The wine industry may be among the very few in which a leading figure will smile broadly when asked about climate change and declare, spontaneously, “I love it.” The comment came this week from Egon Müller, owner of the famed Scharzhof estate in Germany’s Saar Valley, when I asked him about the trend at the Riesling Rendezvous in Bellevue, Washington. The reason for his elation, of course, is that cooler-climate regions like the Saar often struggle to achieve ripeness, and warmer temperatures are certainly helping. But what happens when it eventually gets too warm?
Two climate scientists at the conference, Dr. Greg Jones of Southern Oregon University and Professor Hans Schultz of the University of Applied Sciences Wiesbaden/Geisenheim, noted that as temperatures have risen in recent decades (and continue to rise) grape ripening and harvesting have taken place earlier, among other things. “I have looked at wine regions all over the world,” Jones said, “and I can tell you I don’t see any of them getting colder.” He said this has resulted in longer growing seasons, warmer dormant periods, reduced frost damage (although when frost does occur it is causing greater damage to vines), and earlier phenology (plant growth events). “The plant is telling us it’s living in a different environment, “ he said. Schultz noted that sugar levels in grapes are getting higher and acid levels are decreasing, which doesn’t bode well for balanced wines.
The bigger impact, they said, will come when temperatures exceed the optimum range for growing various grape varieties.
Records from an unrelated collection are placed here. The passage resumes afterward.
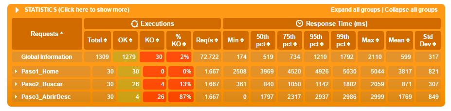 En primera instancia muestra un resultado bien fácil de entender de cómo resultó la prueba, en cuanto a respuestas fallidas, y en cuanto a distribución de los tiempos de respuesta:
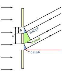 Keywords: Two Wide Slits.svg en A diagram of the path differences in a double wide-slit experiment d is the slit separation b is the slit width Own Inductiveload 2009-05-13 Double-slit experiments
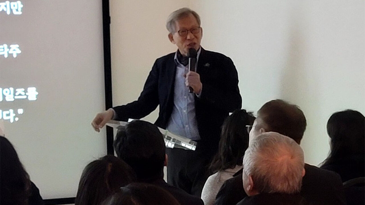 ▲ 유홍준 국립중앙박물관장이 16일(현지시간) 워싱턴 DC의 한국문화원에서 강연하고 있다.
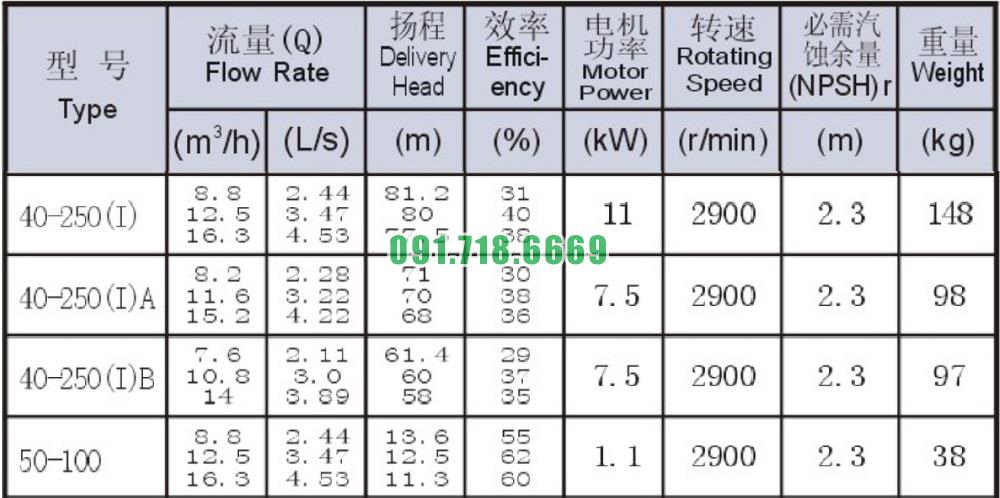 Bảng thông số kỹ thuật bơm nước li tâm trục ngang model SLW-ISW40-250-I lưu lượng từ 8.8 m3/h - 16.3 m3/h
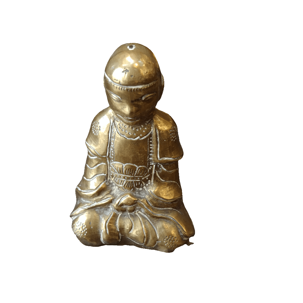 Bella figura en bronce de un monje meditando. Tiene un elegante terminado dorado y detalles tallados a mano.
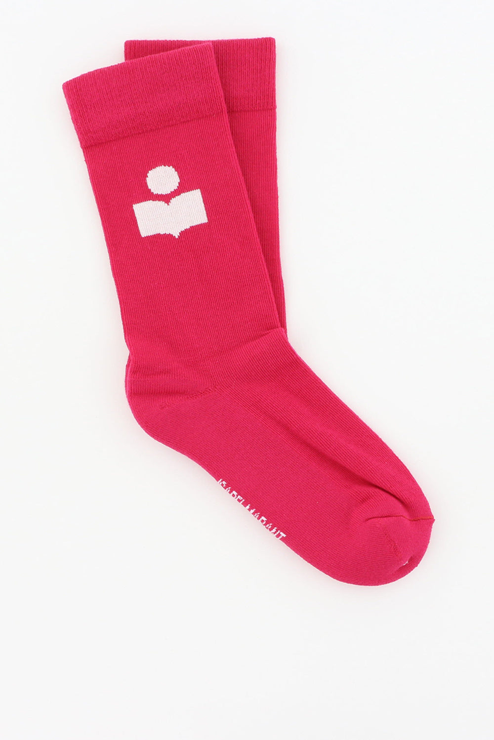Toffe sokken van Isabel Marant, model Siloki in het raspberry, of wel roze. De sokken zijn tot enkelhoogte en voegen naast een leuke kleur ook een sportieve touch aan je outfit. Combineer deze sokken met leuke sneakers van Isabel Marant voor een totale look!
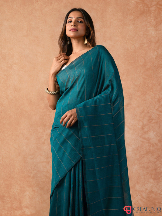 Katia Strip Bengal Handloom Pure Mul Cotton Saree – Blue & Grey
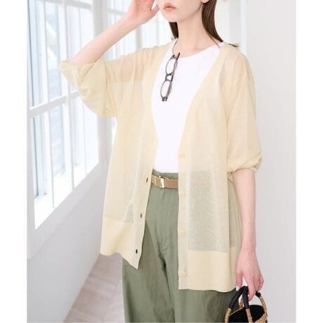 繊細なシアー編みが、やわらかく軽やかな雰囲気を演出するカーディガン。

Over time, wine growing regions will shift north toward cooler climates in the Northern Hemisphere and further south in Southern Hemisphere. Jones wondered whether, over the next 40 years of so, the Napa Valley would become a region for table grapes and Germany’s Rhine Valley would become more suitable for syrah than riesling. He had much more to say when I interviewed him about warming trends and wine in the video above.